Communication with ACID and BASE
ACID
⚠️ Consistency in ACID is about data integrity relative to business rules, not about CAP.
BASE
The first two properties help achieve accessibility when dividing the system into parts.
The Role of Latency
Latency is absent in the classical formulation, but is implicitly present. When performing an operation on a partitioned system, we must make a decision:
Cancel operation
Reduce availability in favor of consistency
Continue operation
Accept the risk of data inconsistency
Key insight
From a pragmatic point of view, separation is a time limit (timeout). The stricter the time bounds, the higher the probability of getting into partition mode, even with a slow network without real partitioning.
Key Findings
- There is no global concept of partition - some nodes can detect it, others cannot
- Nodes that discover partition enter partition-mode - the part where you need to choose between C and A
- Designers set time bounds to meet target response speeds
- CAP is not a 2-out-of-3 choice, it's about managing trade-offs during network problems
Original
Telegram: book_cube
A post with an analysis of the formal proof of the CAP theorem.
Formal proof of CAP
In 2002, Seth Gilbert and Nancy Lynch published whitepaper, in which Brewer's conjecture became a formal theorem.

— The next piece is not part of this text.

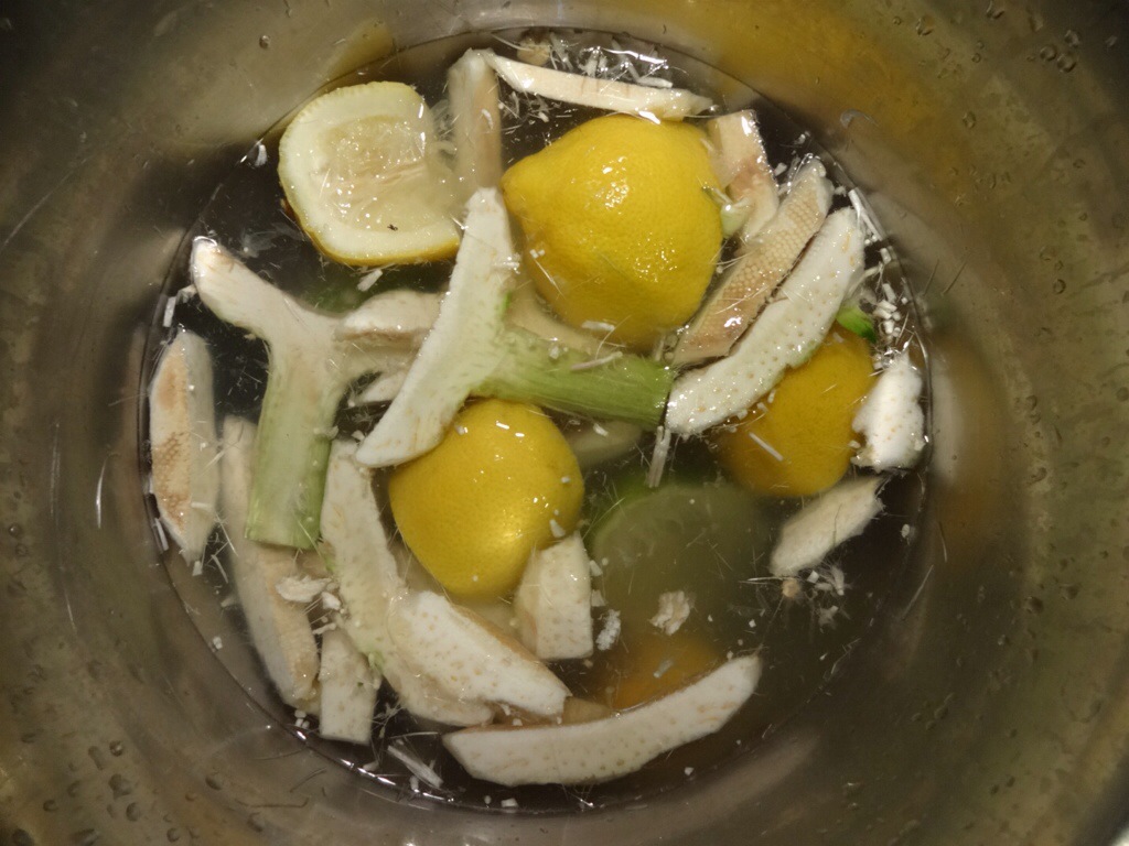 1. Fill a bowl with cold water, then squeeze in the juice of a lemon and add some lemon slices. Have a halved lemon to hand to rub over the cut edges of the artichoke as you prepare it. The lemon juice will prevent the artichoke from oxidising and turning brown.

"It is impossible for a web service to provide the following three guarantees: consistency, availability, partition-tolerance"
Formalization of properties
1. Consistency
The authors define consistency as atomic data objects (linearizable consistency):
"Under this consistency guarantee, there must exist a total order on all operations such that each operation looks as if it were completed at a single instant."
The system behaves as if it were running on a single node, processing transactions one at a time.
2. Availability
Every request that reaches a non-failing node should receive a response. The algorithm must terminate (eventually terminate). This weak definition — there is no upper limit on response time. But from the point of view of partition-tolerance this is strong definition — even if there are network failures, each request must complete.
3. Partition-Tolerance
An arbitrary number of messages between nodes can be lost on the network:
"When a network is partitioned, all messages sent from nodes in one component of the partition to nodes in another component are lost."
Proof
1Theorem for asynchronous systems
Theorem 1:
It is impossible in the asynchronous network model to implement a read/write data object that guarantees Availability and Atomic consistency in all fair executions (including those in which messages are lost).
Proof by contradiction:
- Let's assume that such an algorithm exists
- Let's imagine a system of two nodes: G₁ and G₂
- Let's assume that all messages between G₁ and G₂ are lost (partition)
- Writing to G₁ occurs
- Later reading from G₂ occurs
- Reading from G₂ will not be able to return a value written to G₁
- Contradiction: either consistency or accessibility is violated
2Theorem for partially synchronous systems
Theorem 2:
It is impossible in the partially synchronous network model to implement a read/write data object that guarantees Availability and Atomic consistency in all executions (even those in which messages are lost).
In the real world, partially synchronous systems are used - nodes have clocks to measure time and timeouts. But even in this more powerful setup, the result is similar: the proof follows the same logic.
Note: The rest of the whitepaper is devoted to Delayed-t consistency in partially synchronous systems - a compromise approach that relaxes consistency requirements.